* [Work request]:
Look below for the line containing "Matej Kovár handsamar" and the line containing "50多年过去了,这张中国青年", then set down both and every line between them exactly, without pictures.

* [Supplied records]:
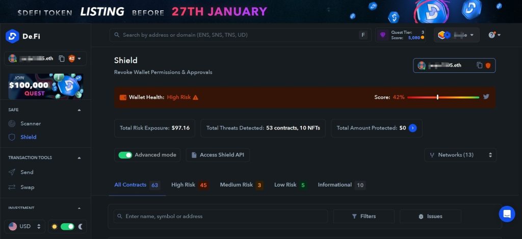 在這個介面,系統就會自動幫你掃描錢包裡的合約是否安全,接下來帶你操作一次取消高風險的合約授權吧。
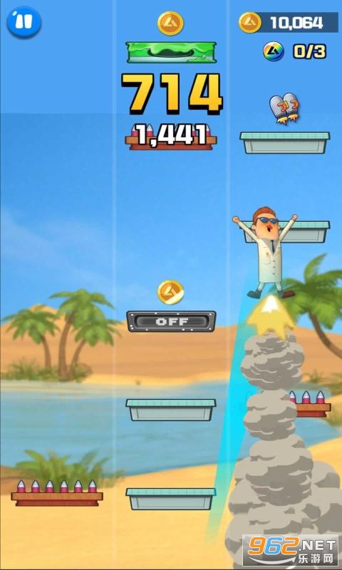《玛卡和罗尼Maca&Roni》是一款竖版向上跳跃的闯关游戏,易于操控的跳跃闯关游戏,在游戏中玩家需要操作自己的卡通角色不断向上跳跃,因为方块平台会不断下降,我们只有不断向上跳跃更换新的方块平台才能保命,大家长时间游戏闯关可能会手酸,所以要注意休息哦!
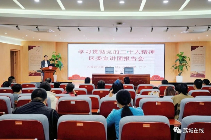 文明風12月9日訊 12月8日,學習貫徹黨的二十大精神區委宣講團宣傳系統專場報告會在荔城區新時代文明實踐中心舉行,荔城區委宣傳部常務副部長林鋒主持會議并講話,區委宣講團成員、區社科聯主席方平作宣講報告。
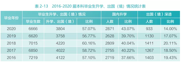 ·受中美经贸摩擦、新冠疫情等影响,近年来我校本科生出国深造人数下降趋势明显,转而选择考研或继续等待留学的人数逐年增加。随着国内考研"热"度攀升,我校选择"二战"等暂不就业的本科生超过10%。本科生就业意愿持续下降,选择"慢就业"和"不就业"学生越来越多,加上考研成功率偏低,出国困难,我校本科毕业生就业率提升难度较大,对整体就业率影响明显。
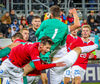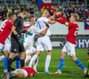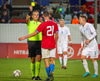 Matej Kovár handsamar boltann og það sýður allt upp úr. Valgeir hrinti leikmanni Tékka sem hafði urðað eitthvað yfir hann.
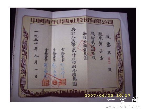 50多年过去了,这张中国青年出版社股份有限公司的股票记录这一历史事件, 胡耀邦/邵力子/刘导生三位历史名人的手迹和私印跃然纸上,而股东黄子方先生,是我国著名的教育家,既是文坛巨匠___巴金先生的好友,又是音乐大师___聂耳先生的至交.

* * *

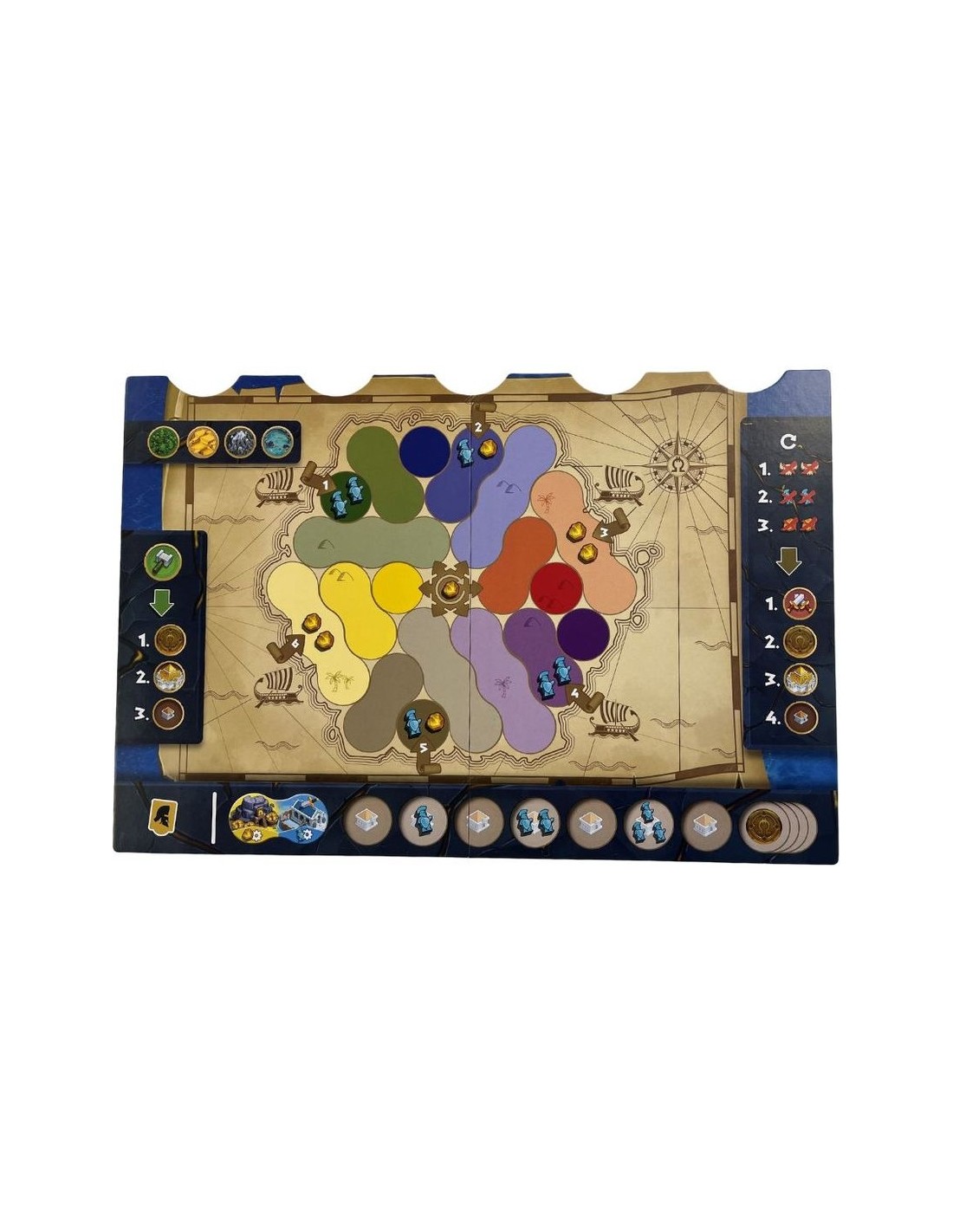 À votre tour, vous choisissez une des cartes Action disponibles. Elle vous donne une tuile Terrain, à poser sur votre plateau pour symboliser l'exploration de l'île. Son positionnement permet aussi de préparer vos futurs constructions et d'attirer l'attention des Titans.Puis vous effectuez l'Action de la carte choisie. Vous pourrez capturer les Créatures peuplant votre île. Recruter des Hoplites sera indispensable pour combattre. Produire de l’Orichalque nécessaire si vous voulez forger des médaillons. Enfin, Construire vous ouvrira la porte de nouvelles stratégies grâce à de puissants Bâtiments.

* [Exercise response]:
 Matej Kovár handsamar boltann og það sýður allt upp úr. Valgeir hrinti leikmanni Tékka sem hafði urðað eitthvað yfir hann.
 50多年过去了,这张中国青年出版社股份有限公司的股票记录这一历史事件, 胡耀邦/邵力子/刘导生三位历史名人的手迹和私印跃然纸上,而股东黄子方先生,是我国著名的教育家,既是文坛巨匠___巴金先生的好友,又是音乐大师___聂耳先生的至交.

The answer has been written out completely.